→ Instructions to follow
Before printing the listing, strip out its pictures and keep everything else exact.

→ Data for the task
————
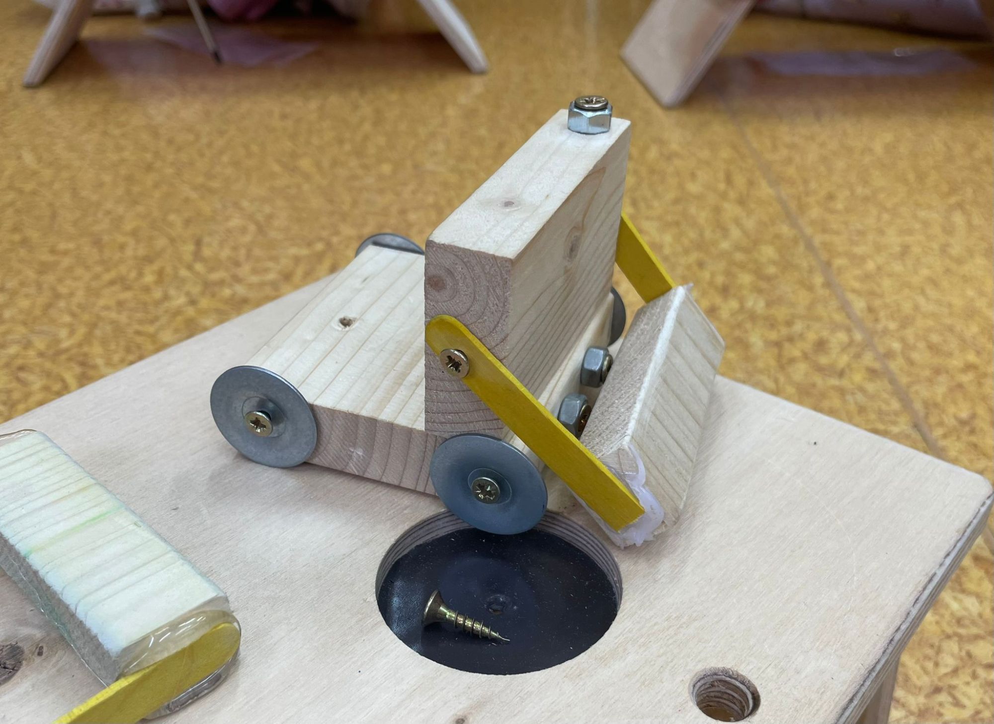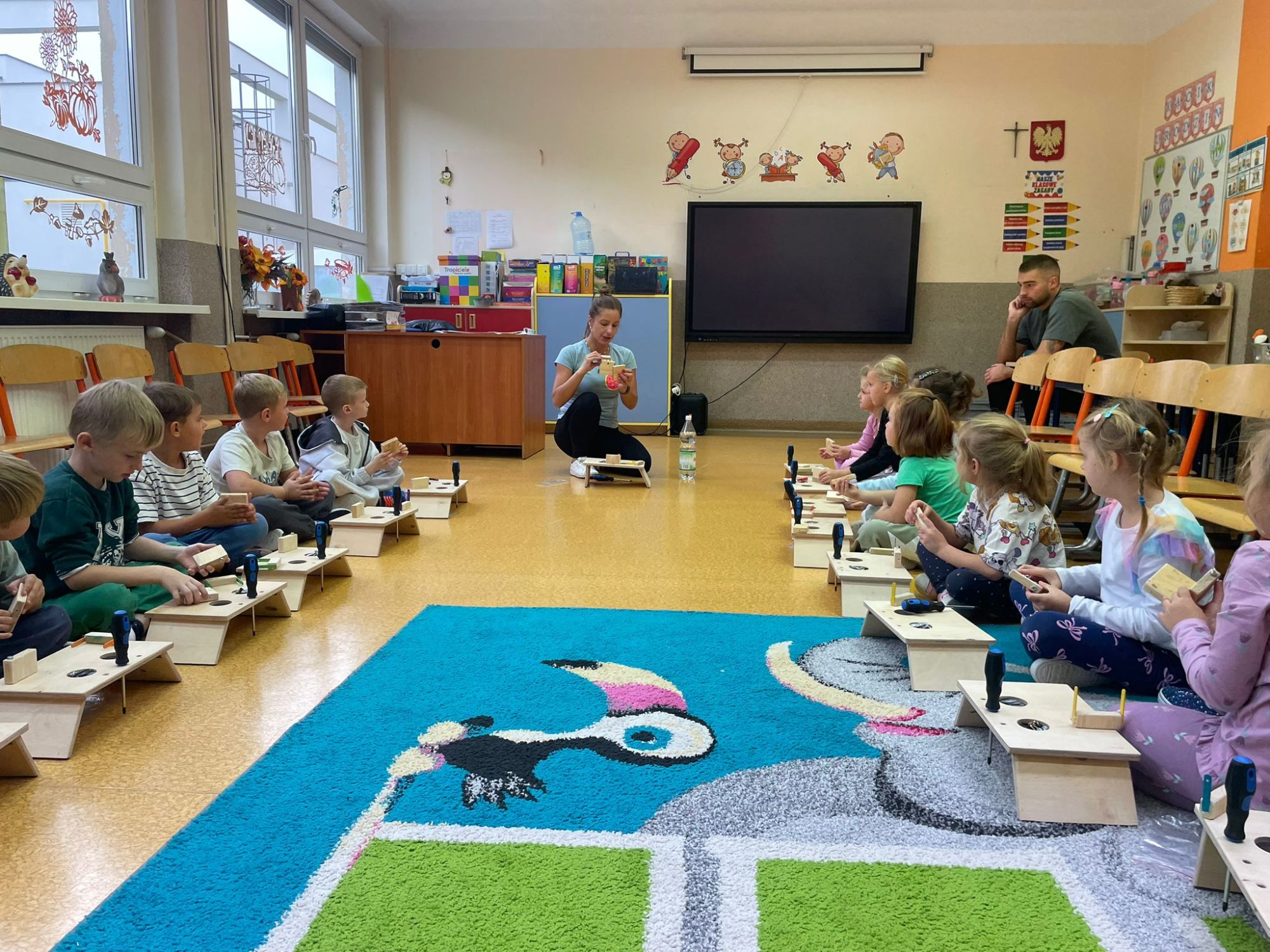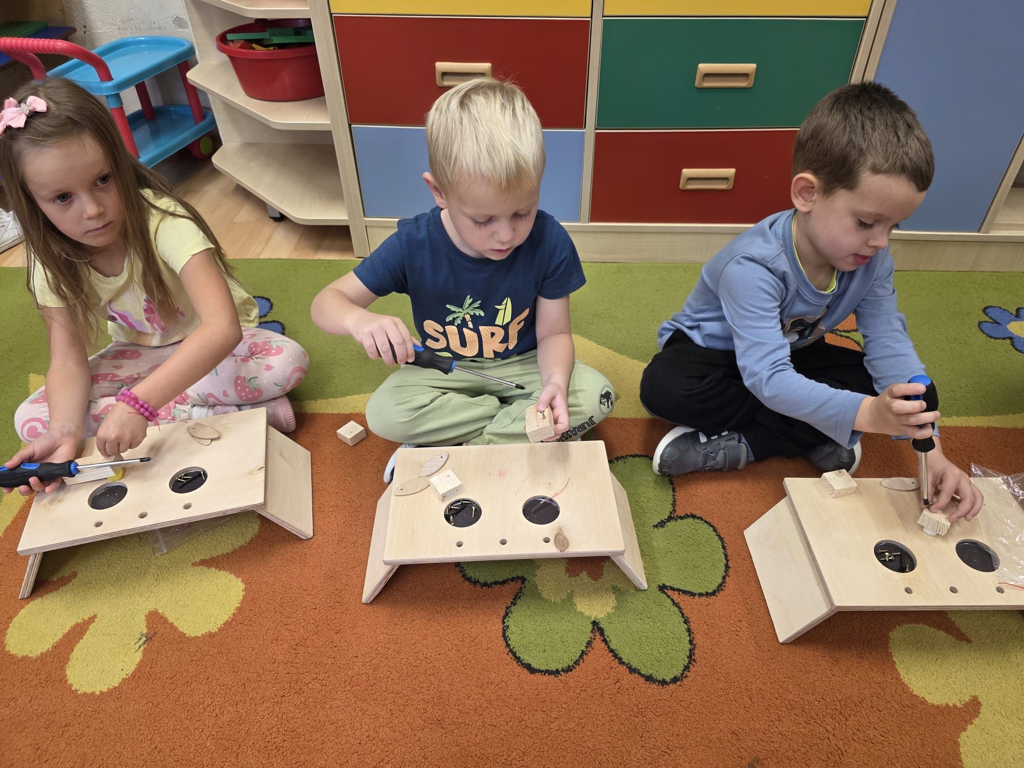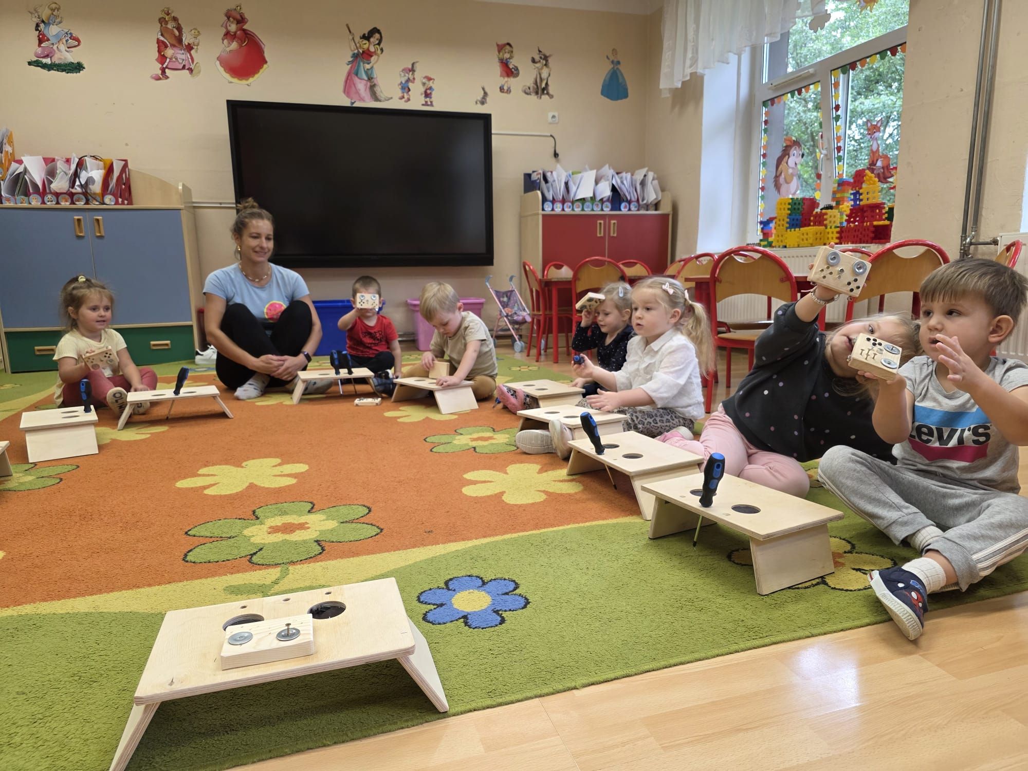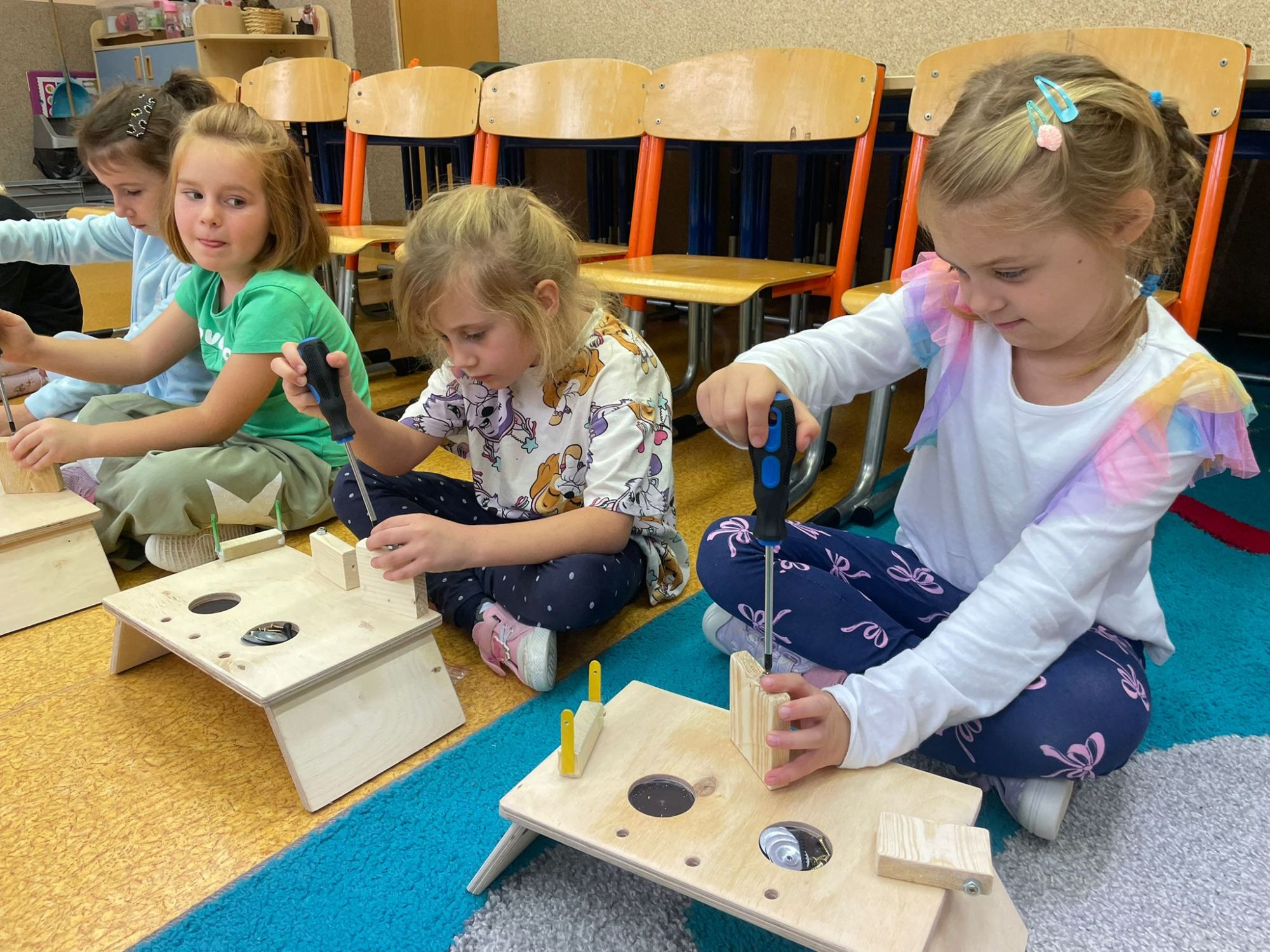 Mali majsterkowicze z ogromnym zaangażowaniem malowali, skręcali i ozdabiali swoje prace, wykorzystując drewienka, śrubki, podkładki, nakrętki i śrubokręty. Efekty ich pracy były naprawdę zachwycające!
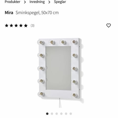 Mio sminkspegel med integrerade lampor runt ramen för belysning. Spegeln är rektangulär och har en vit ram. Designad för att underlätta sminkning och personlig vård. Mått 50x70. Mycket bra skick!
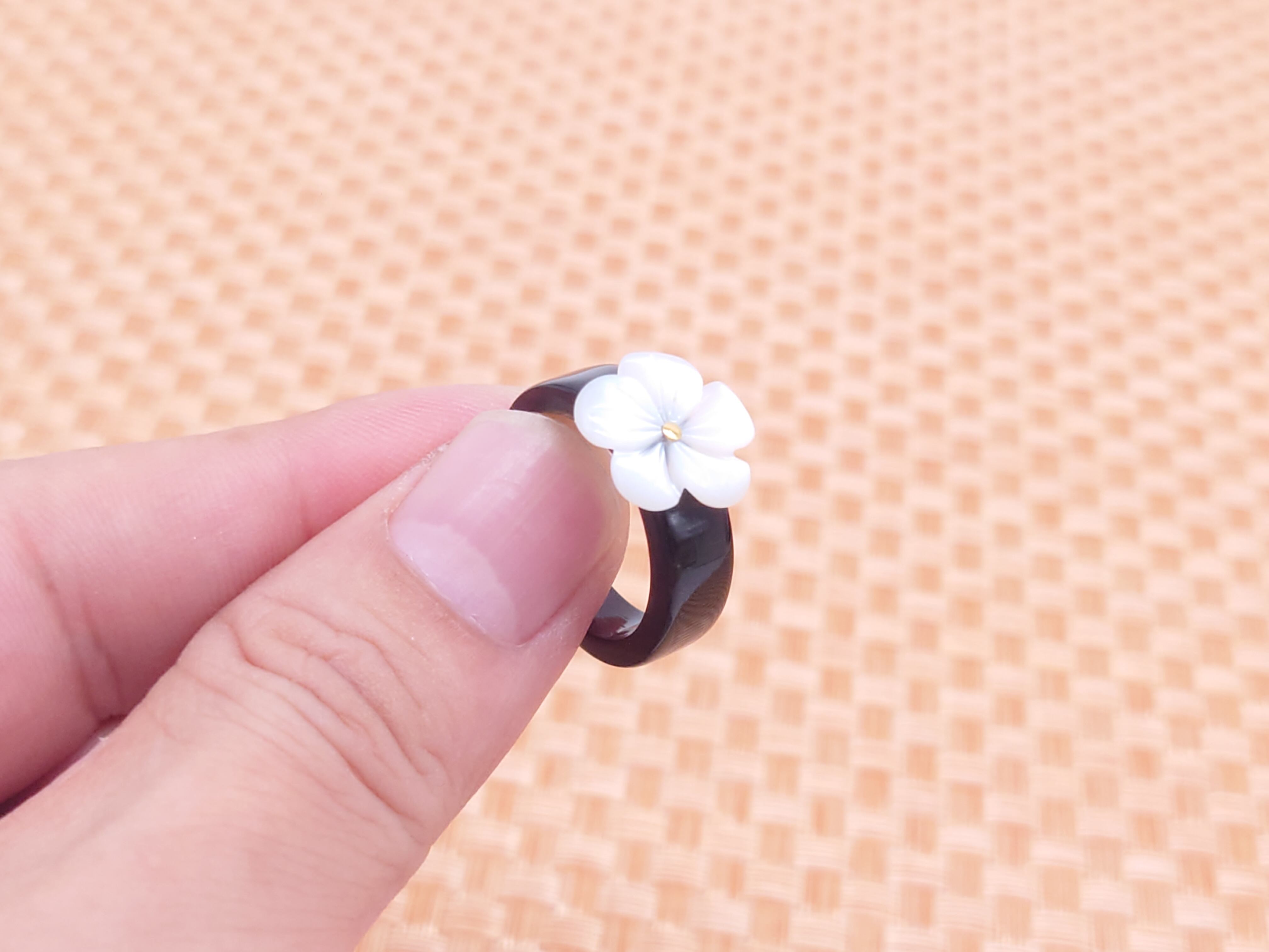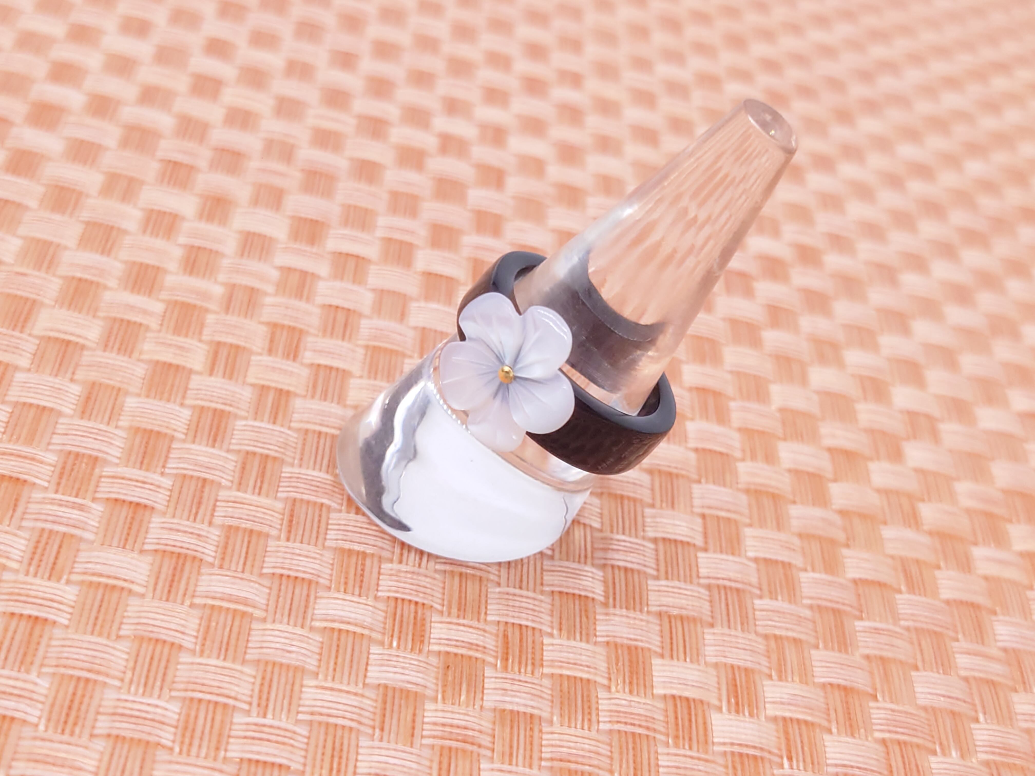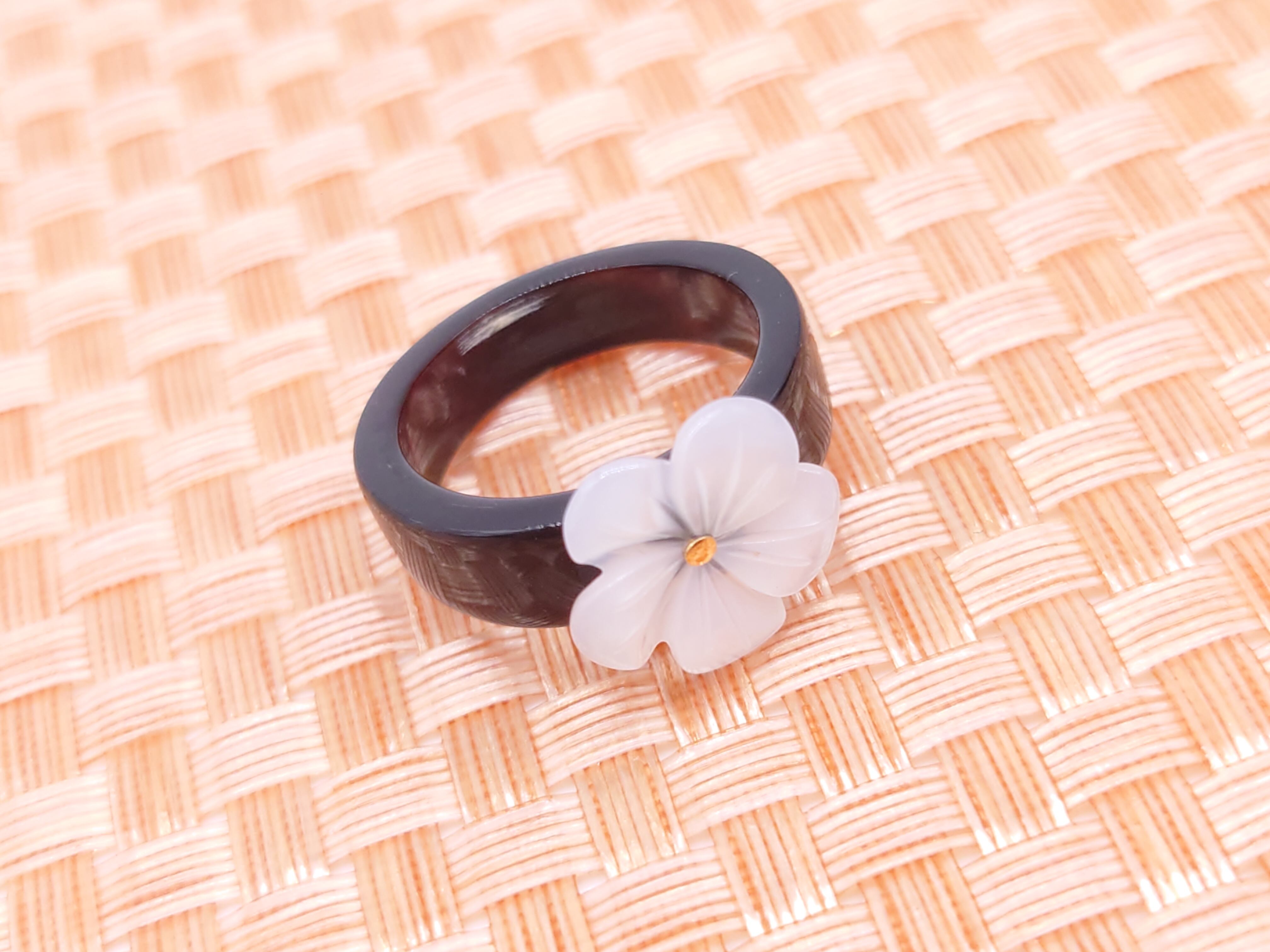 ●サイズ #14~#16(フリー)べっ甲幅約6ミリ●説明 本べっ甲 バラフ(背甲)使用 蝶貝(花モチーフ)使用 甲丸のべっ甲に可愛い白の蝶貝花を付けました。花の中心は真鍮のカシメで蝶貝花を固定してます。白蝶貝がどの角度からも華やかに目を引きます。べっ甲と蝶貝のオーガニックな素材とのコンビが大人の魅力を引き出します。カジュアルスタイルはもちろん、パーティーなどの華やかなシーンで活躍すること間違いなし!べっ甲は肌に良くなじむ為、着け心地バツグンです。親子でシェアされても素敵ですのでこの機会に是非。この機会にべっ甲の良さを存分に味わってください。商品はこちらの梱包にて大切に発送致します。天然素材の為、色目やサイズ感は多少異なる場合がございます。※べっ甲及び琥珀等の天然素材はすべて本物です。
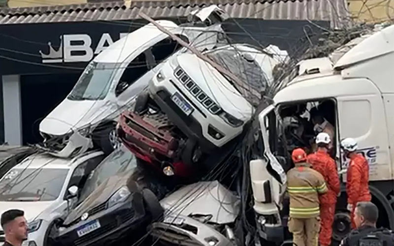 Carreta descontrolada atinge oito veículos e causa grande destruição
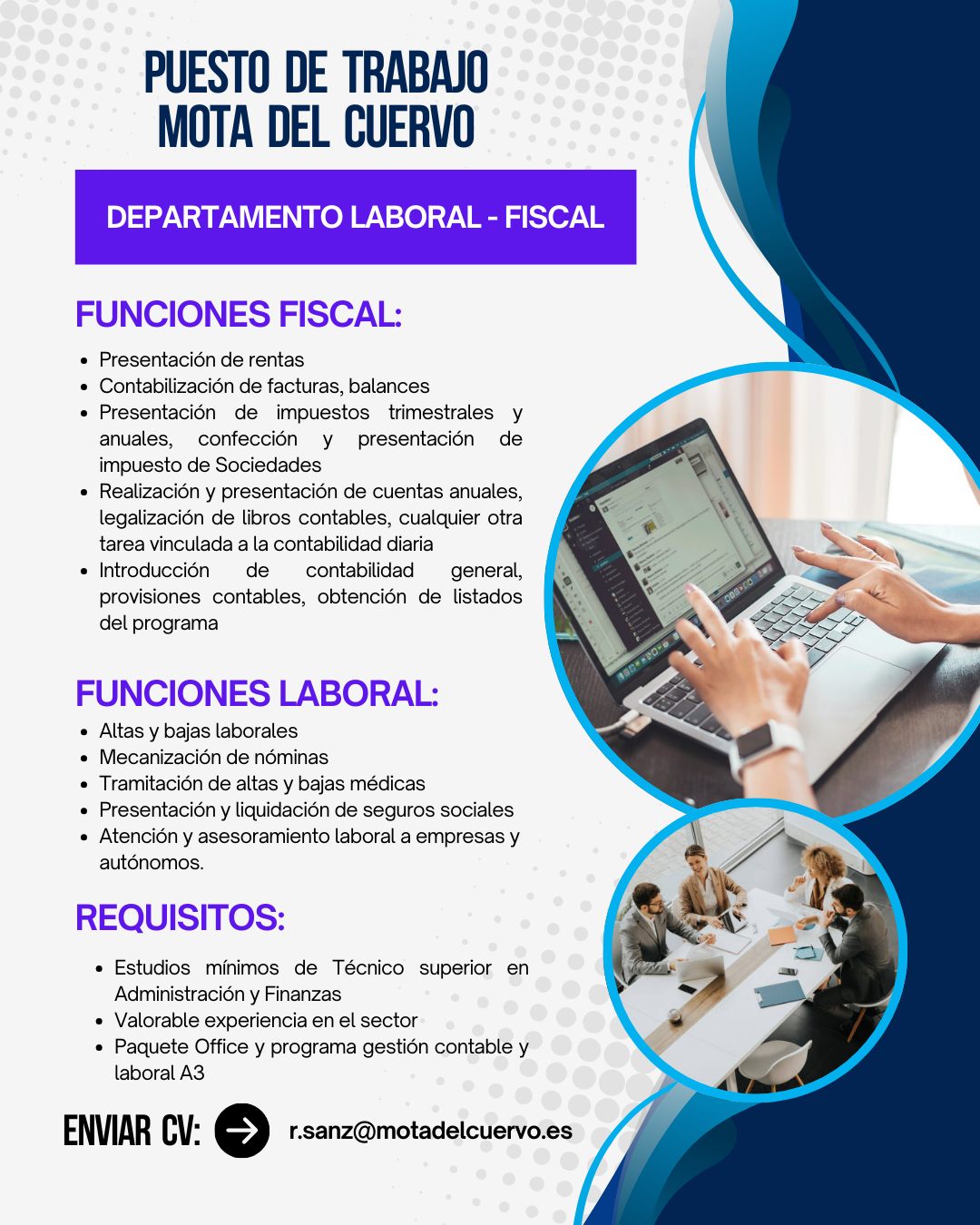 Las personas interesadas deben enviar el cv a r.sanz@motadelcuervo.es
————
→ Result for this task
 Mali majsterkowicze z ogromnym zaangażowaniem malowali, skręcali i ozdabiali swoje prace, wykorzystując drewienka, śrubki, podkładki, nakrętki i śrubokręty. Efekty ich pracy były naprawdę zachwycające!
 Mio sminkspegel med integrerade lampor runt ramen för belysning. Spegeln är rektangulär och har en vit ram. Designad för att underlätta sminkning och personlig vård. Mått 50x70. Mycket bra skick!
 ●サイズ #14~#16(フリー)べっ甲幅約6ミリ●説明 本べっ甲 バラフ(背甲)使用 蝶貝(花モチーフ)使用 甲丸のべっ甲に可愛い白の蝶貝花を付けました。花の中心は真鍮のカシメで蝶貝花を固定してます。白蝶貝がどの角度からも華やかに目を引きます。べっ甲と蝶貝のオーガニックな素材とのコンビが大人の魅力を引き出します。カジュアルスタイルはもちろん、パーティーなどの華やかなシーンで活躍すること間違いなし!べっ甲は肌に良くなじむ為、着け心地バツグンです。親子でシェアされても素敵ですのでこの機会に是非。この機会にべっ甲の良さを存分に味わってください。商品はこちらの梱包にて大切に発送致します。天然素材の為、色目やサイズ感は多少異なる場合がございます。※べっ甲及び琥珀等の天然素材はすべて本物です。
 Carreta descontrolada atinge oito veículos e causa grande destruição
 Las personas interesadas deben enviar el cv a r.sanz@motadelcuervo.es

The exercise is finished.